There’s a strange kind of guilt that comes with this. This split between witnessing suffering and continuing to live an ordinary life. It feels wrong to feel joy when so many are in pain. It feels frivolous to write stories when so many voices are crying out. But I think maybe the two aren’t mutually exclusive.
We need to bear witness. We need to stay informed, speak up, care deeply. But we also need to hold space for the small, good things. The daily acts of love and stability and kindness we offer—especially to our kids—are not just distractions. They’re declarations. That even when the world shakes, we believe in building something better.

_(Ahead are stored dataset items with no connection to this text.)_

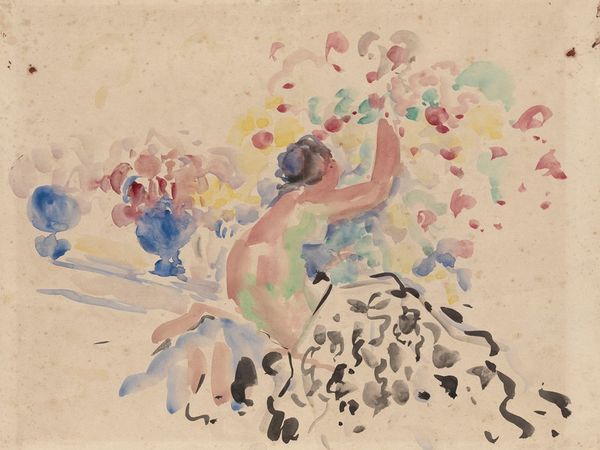 Curator: This watercolor piece, dating from between 1919 and 1924, is Edvard Munch's "Female Nude". Editor: It's incredibly raw, almost unfinished. The washes of red and blue create an ambiguous form; the woman almost dissolves into the background. Curator: Indeed. The painting reflects a post-World War I environment, showcasing a departure from conventional representations. We have to acknowledge Munch's struggle with mental health, adding a complex dimension to understanding his perspective. Editor: You know, the red around her form reminds me of devotional art where red often represents divine love and sacrifice. Is it possible Munch was attempting to grapple with notions of femininity through established visual language? Curator: A nuanced point, especially given the patriarchal structures Munch inhabited. One could see it as a reclaiming of agency, situating the female nude not as a passive object, but as a locus of intense feeling. The almost violent brushstrokes mirror a broader societal disruption and perhaps the expression of internalized conflict? Editor: Yes! And beyond that, the use of blue is striking. Notice the broad strokes around her form – they evoke the Virgin’s traditional cloak, almost as if to soften the expressionistic pain. Do you think Munch was attempting to subvert his feelings toward woman by linking the nude to established symbolic expression? Curator: That's an astute reading. The juxtaposition suggests not a stable symbolic language but rather an intentional breaking down. The cultural symbols may be deployed, but are rendered uncertain within Munch’s artistic and social context. Editor: It offers such insight into his artistic project! These images create cultural memory over time. Curator: Ultimately, the emotional vulnerability layered into this piece offers endless areas for exploration through gendered social history.
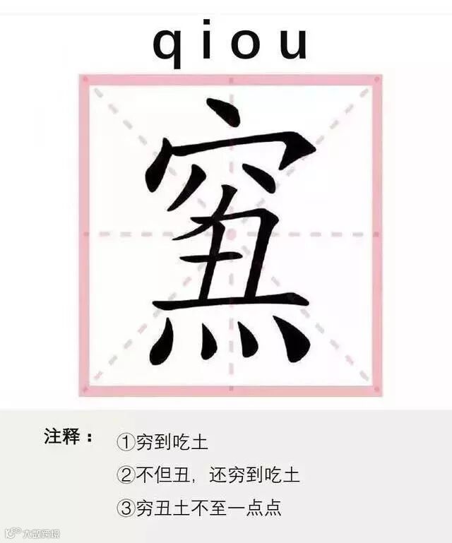 “qiǒu”,由“穷”字与“丑”字相结合,字面意思为“又穷又丑”,“一穷二白”,同“糗”。
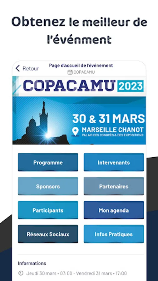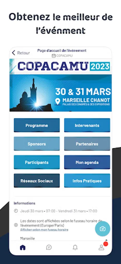 The COPACAMU application makes it possible to gather all the information on the congress but also to interact with the speakers and the participants.
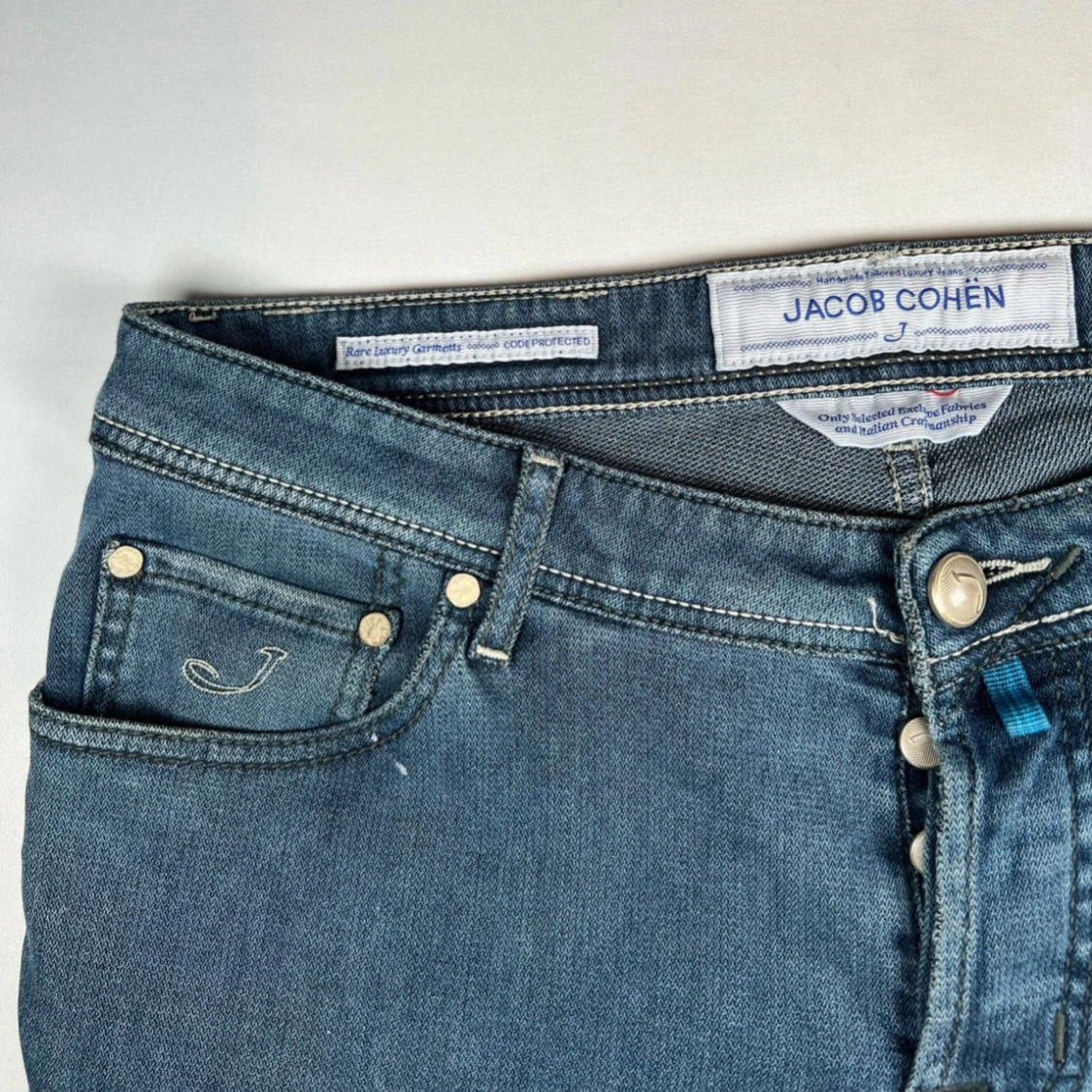 Snygga blå jeans från Jacob Cohen med klassisk femficksdesign och knappgylf. Jeansen har en stilren look med subtila detaljer och en broderad logga på myntfickan som är i perfekt skick! Alla Jacob Cohën jeans är 34" längd. W34.
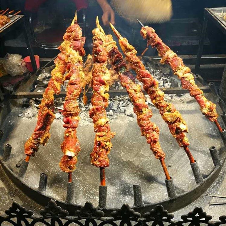 跟一般的肉串不同,红柳烧烤最特别的就是它的木串,新疆人会用红柳枝来替代普通的木串。
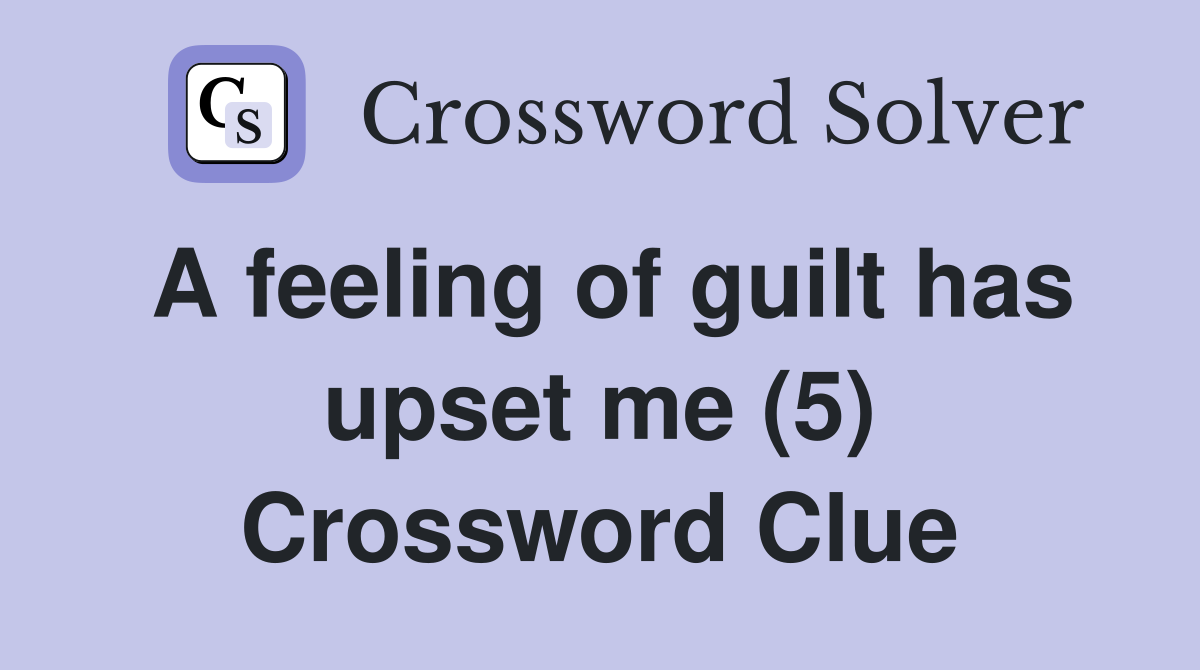 A feeling of guilt has upset me (5) Crossword Clue Answers
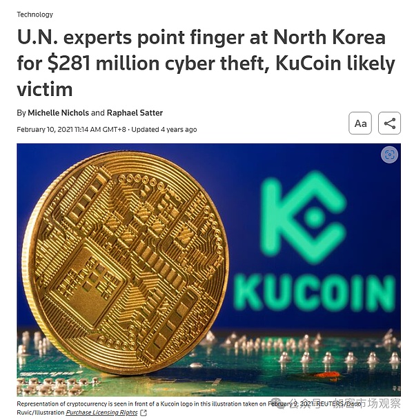 Lazarus最被我们华人所知的案子,可能要数这个Kucoin被盗案。
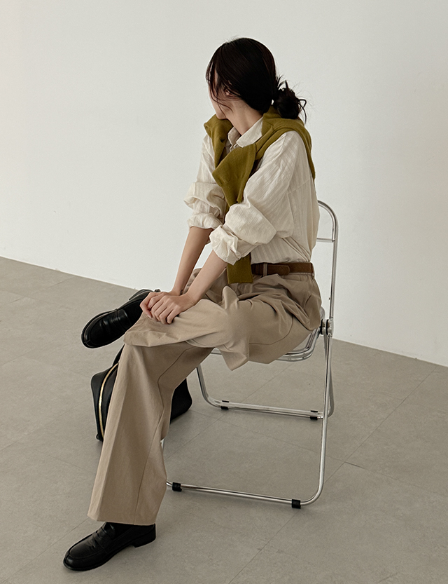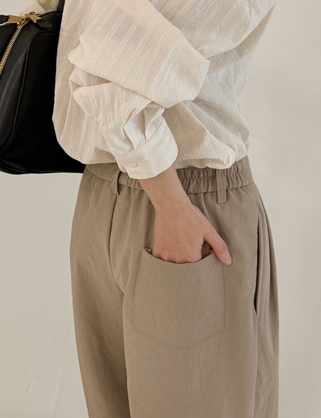 핀턱 디테일로 다리 라인을 길고 슬림하게 연출해주며,
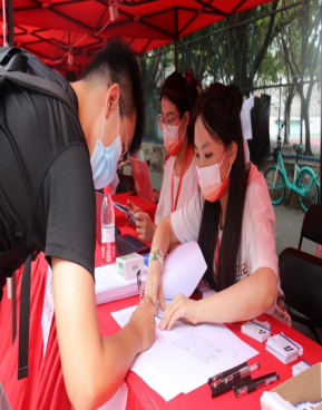 和父母挥手告别,体温测试、扫码、刷卡、消杀……萌新们满怀着理想和憧憬,踏入郁郁葱葱的校园。等候已久的志愿者们和工作人员也开始忙碌起来。在完成消杀环节之后,新生们坐上校园摆渡车,穿过林荫大道,来到校园迎新处。学校在迎新处为新生们搭建了新生咨询台,并设置了签名墙、合影墙等供新生们合影留念。
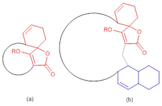 General structures of spirotetronate polyketides (a) Class I and (b) Class II (modified from []). In red: spirotetronate moiety; in blue: decalin moiety.
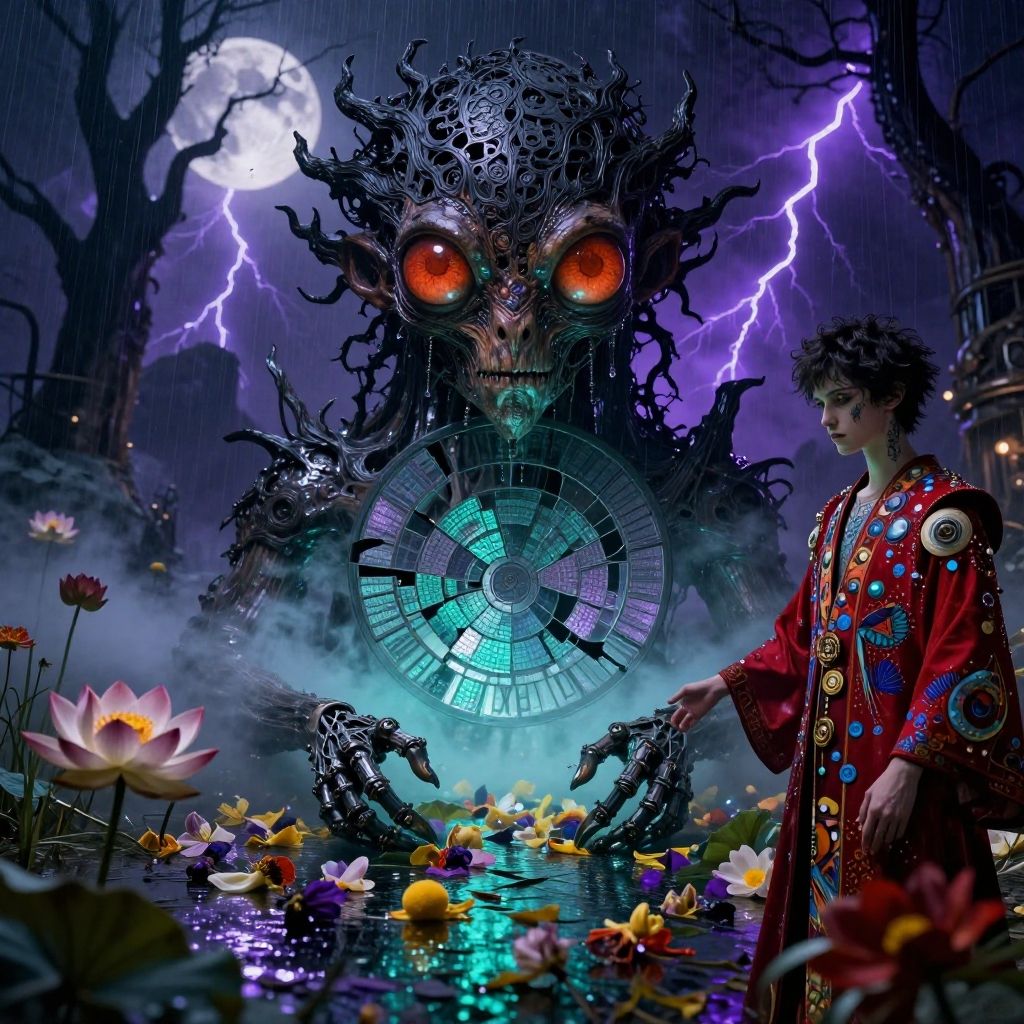 32k hires best quality professional photograph, Dark sci-fi coloured flowery swamp, alien planet, lightning, storm, mystical moon, tattooed biomechanical mutated __wildcards-for-SD-main/mod_monster__, Terracotta eyes, black wood lace, broken circular time merged a colapsed linear time, Aquamarine mist, pile of wilted flowers, glassmorphism pattern, death tree, lotus, Indigo and Violet night, industrial elements, opl, red, adorned in Gustav Klimt-inspired attire, soft Purple and silver shimmer reflection rainy, biomechanical nanobot, egg yolk-gloss, pointillism, Mysteriousdorsiflexioncinematic film still . shallow depth of field, vignette, highly detailed, high budget, bokeh, cinemascope, moody, epic, gorgeous, film grain, grainyJohn Stuart Ingle, natural, shimmering, vibrant, gothic, rpg, 1400ad, ultra detailed, detailed, immersive, reminiscent of high fantasy RPG games, HD, masterpiece, best quality, hyper detailed, super realistic, perfect face, perfect hands, award-winning, professional, breathtaking
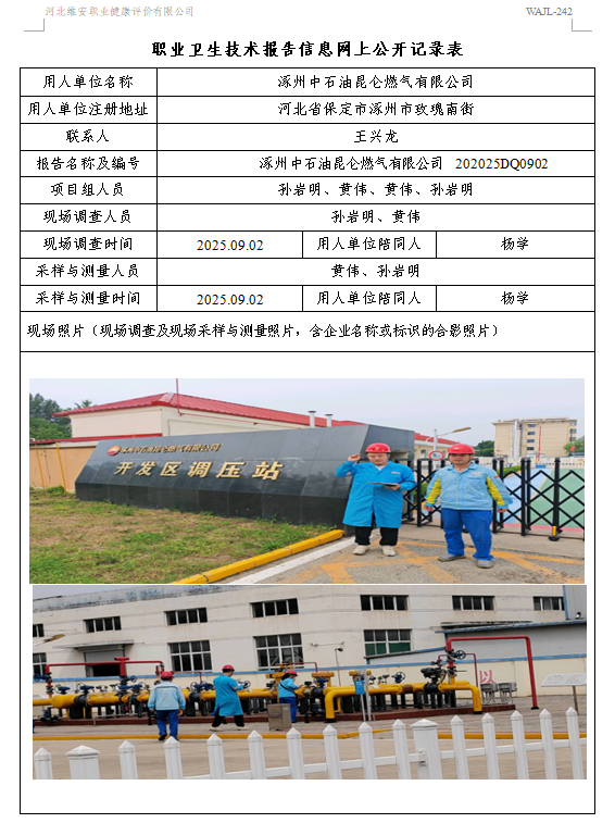 2025年涿州中石油昆仑燃气有限公司定期检测
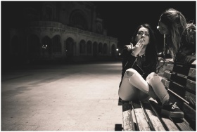 Two women converse on a city bench at night, expre
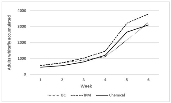 The accumulated numbers of B. tabaci adults under the biological (F = 165; d.f. = 2; p < 0.0001; R2 = 0.99) and integrated (F = 898.3, d.f. = 2, p < 0.0005; R2 = 0.99) strategy fitted a logistic function fairly well. Quantitative data analysis of B. tabaci indicated that both biological and integrated treatments were important in reducing and controlling the virus vector at the end of the crop. By contrast, the evolution of B. tabaci accumulated numbers under chemical treatment was well described by an exponential function (F = 653.9, d.f. = 1, p < 0.0000; R2 = 0.88) (Figure 4). In this case, estimated numbers of adults of B. tabaci constantly increased along the time, particularly since week 3, indicating that whitefly was not being controlled successfully by exclusively using a chemical control.
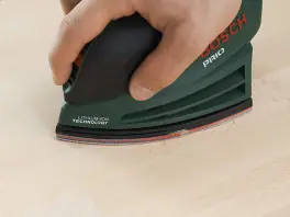 Rebaje en primer lugar todos los bordes; aplique para ello hoja de lija de granulado 120 o 180 en un ángulo de 45°, de forma que cree un pequeño bisel. Lije las superficies con la lijadora siempre en la dirección de las vetas de la madera, en primer lugar con una hoja basta (120, 180), y después con una fina (hasta 240).
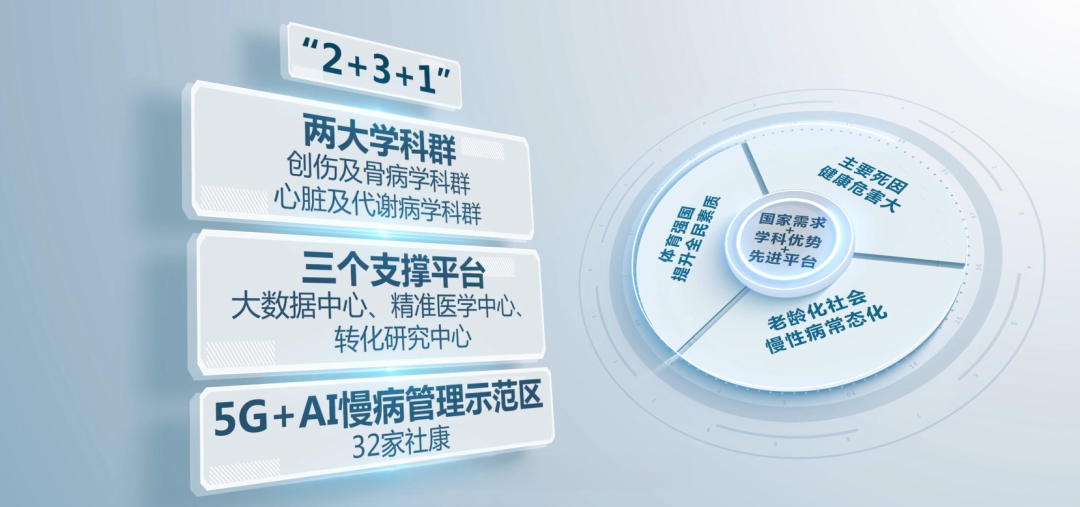 医院坚持以患者为中心,以学科建设为工作主线,立足中山大学“双一流”战略布局,着力打造“高精尖国家队”。全面提升医疗服务能力,形成了创伤及骨病学科群和心脏及代谢病学科群两大学科群,打造大数据中心、精准医学中心和转化研究中心三个支撑平台。依托32家社康,建设5G+AI慢病管理示范区,构建“顶天立地促健康”的全民健康服务体系。
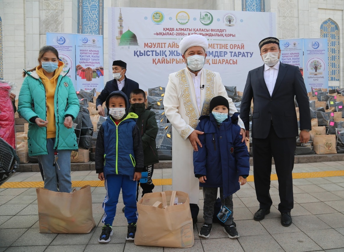 Бүгін Қазақстан мұсылмандары діни басқармасының төрағасы, Бас мүфти Наурызбай қажы Тағанұлының қатысуымен Алматы қалалық орталық мешітінде мәуліт айының құрметіне орай «Қыстық жылы киімдерді тарату» қайырымдылық шарасы өтті.
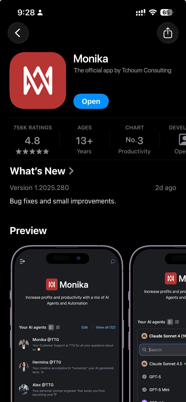 Start and conversation by chat, text message or phone call with Monika as if you were interviewing your new employee, and she will take care of the rest.
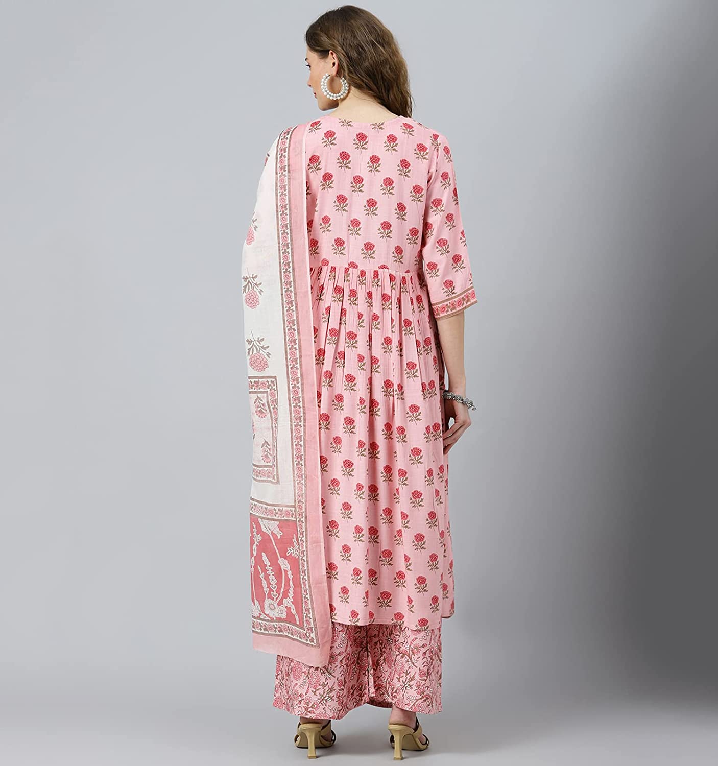 - Type : full stitched || style : jaipuri printed Anarkali/Flared/Umberella kurti with salwar and cotton dupatta|| Length : Calf Length || Sleeves : Three-Quarter Sleeves

That our homes can still be safe havens, and that we still believe in hope.
That’s part of why I started writing again. Not to ignore what’s hard, but to hold space for what’s still good. I wanted to tell stories that feel like a cool breeze on a stifling day—stories about messy people who keep showing up, who find each other, who try. Writing became a way to make sense of things, or at least to sit with them. A way to say: There’s beauty here, too. Don’t forget to look for it.
If you’re also carrying the weight of the world in your gut, I see you. And if you’re also jumping through sprinklers with your kids this week, I see you too. Maybe that’s one way we keep going: hand in hand, heavy-hearted, hopeful anyway.
“To be hopeful in bad times is not just foolishly romantic. It is based on the fact that human history is a history not only of cruelty, but also of compassion, sacrifice, courage, kindness.